The work function is defined as the energy necessary to remove an electron from the surface of a metal: $W = -e\phi - E_F$. Here, $e\phi$ is the energy of the electron just outside of the surface of the metal ($\phi$ is the electric potential just outside the surface) and $E_F$ is the Fermi energy. Recall that there are electrons with energies higher than $E_F$ and there are electrons with lower energy than $E_F$-- for these electrons it is easier (harder) to remove them from the metal. By only taking $E_F$ into account the work function is effectively averaging over all possible energy states weighted by the probability of the state being occupied. Getting to your first question, the equation $W = |FE + FL|$ does not make sense to me, because in many systems the Fermi level and energies are similar if not identical, I don't see what adding them would accomplish and why this would yield the work function. Also, the work function is very heavily dependent on the surface properties of the metal, which are taken into account via the potential $\phi$ just outside the surface. I don't see how surface properties are taken into account in the equation your TA wrote.

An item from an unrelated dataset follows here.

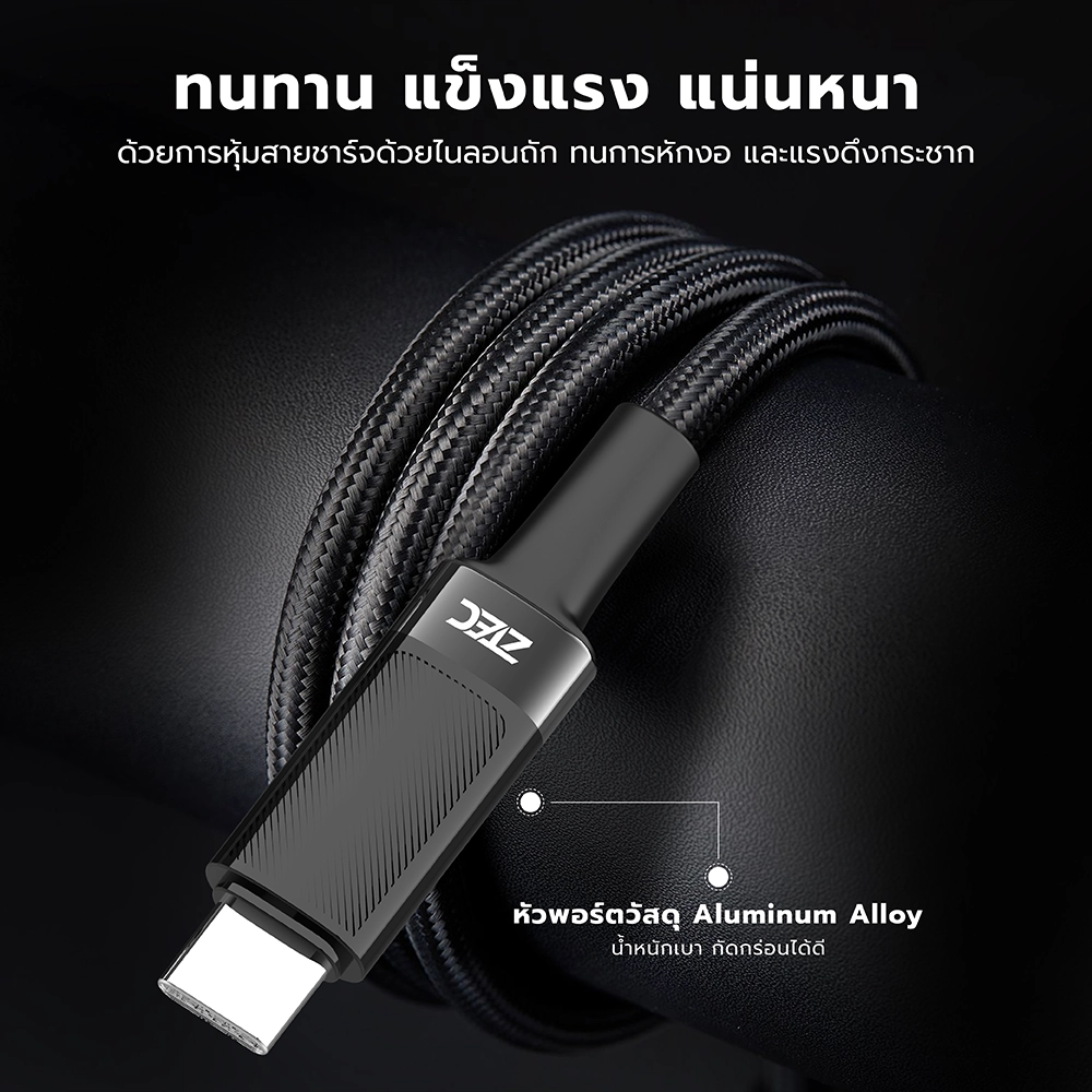 - แข็งแรง แน่นหนา ด้วยสายชาร์จหุ้มด้วยไนลอนถัก ทนการหักงอ และแรงกระชาก

Now, because for non-0K systems you can only talk about the probability of an energy level being occupied, your band diagram is a bit oversimplified for our discussion. See instead the band diagram in the "Fermi Function" section here. This band diagram is that of a semiconductor, which you can tell because the band gap is small enough for the Fermi function (read: probability of energy state occupation) to be nonzero in the conduction band. However, the point at which the probability of occupation is 50% (read: the Fermi energy) is the same as the Fermi level for all temperatures. Notice how the Fermi function stretches out with increasing temperature, causing an increase in likelihood of electrons occupying the semiconducting band -- this is the picture of a semiconductor that I carry in my head (and also clearly explains why heat increases conductivity).
Another minor correction to your picture is that the energy of an electron just outside of the surface of the metal is not necessarily zero (it's $e\phi$), the work function is the energy difference between being just outside of the metal and being at the Fermi level, and is not the difference between being infinitely far away (0 energy) and being at the Fermi level.